Exact copies of all the records are to be printed.

· · · ·

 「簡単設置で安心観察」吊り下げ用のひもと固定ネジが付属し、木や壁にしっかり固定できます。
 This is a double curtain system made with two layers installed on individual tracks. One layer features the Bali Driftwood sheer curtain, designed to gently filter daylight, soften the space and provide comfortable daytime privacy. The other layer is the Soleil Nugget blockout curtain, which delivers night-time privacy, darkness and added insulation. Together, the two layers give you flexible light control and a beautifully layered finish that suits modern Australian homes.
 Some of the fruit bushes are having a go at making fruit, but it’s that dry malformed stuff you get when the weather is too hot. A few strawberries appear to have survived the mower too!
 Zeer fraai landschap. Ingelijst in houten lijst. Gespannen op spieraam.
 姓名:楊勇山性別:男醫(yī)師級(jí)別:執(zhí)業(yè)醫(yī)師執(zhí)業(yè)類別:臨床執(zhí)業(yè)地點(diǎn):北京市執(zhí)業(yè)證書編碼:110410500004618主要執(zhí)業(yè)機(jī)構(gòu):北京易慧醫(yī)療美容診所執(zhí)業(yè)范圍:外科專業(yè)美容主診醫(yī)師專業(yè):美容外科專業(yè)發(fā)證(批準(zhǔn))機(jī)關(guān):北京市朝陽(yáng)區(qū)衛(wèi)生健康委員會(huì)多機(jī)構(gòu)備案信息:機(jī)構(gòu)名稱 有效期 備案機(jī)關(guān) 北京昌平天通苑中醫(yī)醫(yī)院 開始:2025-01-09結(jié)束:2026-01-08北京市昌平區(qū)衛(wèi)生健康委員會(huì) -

· · · ·

● **Answer to the exercise**
 「簡単設置で安心観察」吊り下げ用のひもと固定ネジが付属し、木や壁にしっかり固定できます。
 This is a double curtain system made with two layers installed on individual tracks. One layer features the Bali Driftwood sheer curtain, designed to gently filter daylight, soften the space and provide comfortable daytime privacy. The other layer is the Soleil Nugget blockout curtain, which delivers night-time privacy, darkness and added insulation. Together, the two layers give you flexible light control and a beautifully layered finish that suits modern Australian homes.
 Some of the fruit bushes are having a go at making fruit, but it’s that dry malformed stuff you get when the weather is too hot. A few strawberries appear to have survived the mower too!
 Zeer fraai landschap. Ingelijst in houten lijst. Gespannen op spieraam.
 姓名:楊勇山性別:男醫(yī)師級(jí)別:執(zhí)業(yè)醫(yī)師執(zhí)業(yè)類別:臨床執(zhí)業(yè)地點(diǎn):北京市執(zhí)業(yè)證書編碼:110410500004618主要執(zhí)業(yè)機(jī)構(gòu):北京易慧醫(yī)療美容診所執(zhí)業(yè)范圍:外科專業(yè)美容主診醫(yī)師專業(yè):美容外科專業(yè)發(fā)證(批準(zhǔn))機(jī)關(guān):北京市朝陽(yáng)區(qū)衛(wèi)生健康委員會(huì)多機(jī)構(gòu)備案信息:機(jī)構(gòu)名稱 有效期 備案機(jī)關(guān) 北京昌平天通苑中醫(yī)醫(yī)院 開始:2025-01-09結(jié)束:2026-01-08北京市昌平區(qū)衛(wèi)生健康委員會(huì) -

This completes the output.